35. maximize p=2_x1 + 3_x2

subject to -2_x1 + _x2 <= 4

_x2 <= 10

_{x1, x2} >= 0

36. maximize p= 2_x1 + 3_x2

subject to  _-x1 + _x2 <= 2

_x2 <= 4

_{x1, x2} >= 0

 

Answer 1

There are various adaptations of the simplex method, which can be tedious and labour-intensive. And it's easy to make mistakes! The graphical method I find to be easier to understand and less prone to error. However, if there are more than two variables, the graphical method becomes difficult or even possible and the simplex method is the better method.

Let's look at the graphical method for 35 and 36 first. Graphing inequalities consists of drawing graphs of the given lines as if they were equalities. The inequalities are represented by shading areas to one side or the other of the lines, depending on what the inequality is. In linear programming we are usually only interested in "first quadrant" graphing, that is, where the variables are both positive (x₁,x₂≥0). 

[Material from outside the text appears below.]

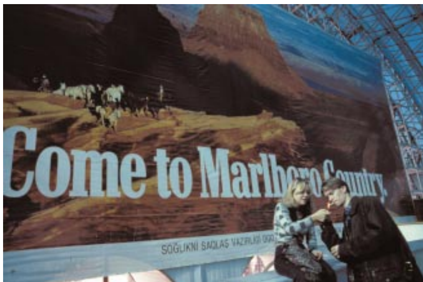
Cigarette advertising in Tashkent, Uzbekistan.

True, the country passed a tobacco control law, but it was never implemented. Admittedly, when tobacco control experts from the World Health Organization were due to arrive in 1997, the health ministry reckoned it had better have a tobacco programmes coordinator, so it appointed one, a busy cardiologist. He did his best, which was better than the nothing the ministry had done before, but in fairness, having no salary for the extra job thrust upon him, and no budget to spend, it was clear from the outset that there was little he could achieve. When he stepped down from the role (though diligently continuing his anti-tobacco efforts in his clinical work), a successor was appointed, but still without salary or budget. When the monthly salary required to fill such a post is probably less than a tobacco company pays to fill the fuel tank of just one of its promotional vehicles—US$15–20 per month—is it really beyond the reach of the government to spend such a sum on starting to tackle the country's tobacco problem?

35) -2x₁+x₂≤4 is plotted as -2x+y=4, which has x intercept at x=-2 and y intercept at y=4. Draw a line through these points (remember we are only interested in the first quadrant. The line y=10 is horizontal. (For graphing purposes x₁ is replaced by x and x₂ by y. It doesn't matter which is which, the final result of the linear programming will be the same.)

For -2x₁+x₂≤4 the area to be shaded is on the right of the line -2x+y=4. To decide where to shade, simply substitute positive values for x and y and if they satisfy the inequality, then the point (x,y) is in the shaded region. For example, if x=y=1 then we have -2+1=-1 which is less than 4 so (1,1) is in the shaded region. For x₂≤10 the shaded region is below the line y=10. The feasible region is where the shadings overlap. However, the feasible region is an open area and has no upper limits for maximising the objective function (profit) p=2x₁+3x₂. For example, let x₁=100 and x₂=10 then the inequalities are satisfied and p=230. x₁ can be increased to any value and will always satisfy the inequalities. That means the question has been wrongly stated (min p?). Given the information the simplex method won't work.

If the question had been to minimise p (in this sort of question it would have been min c), then there is a solution: we need to evaluate the two vertices of the feasible region (3,10), giving p=6+30=36 and (0,4), giving p=0+12=12, so min p is when x₁=0 and x₂=4. There is no point using the simplex method because there may be an error in the question.

36) Unfortunately, we have the same error in this question as we had in 35). There is no limit because the feasible region is unbounded. Please check your question and also check the constraints in the question you submitted a few days ago--there is something missing.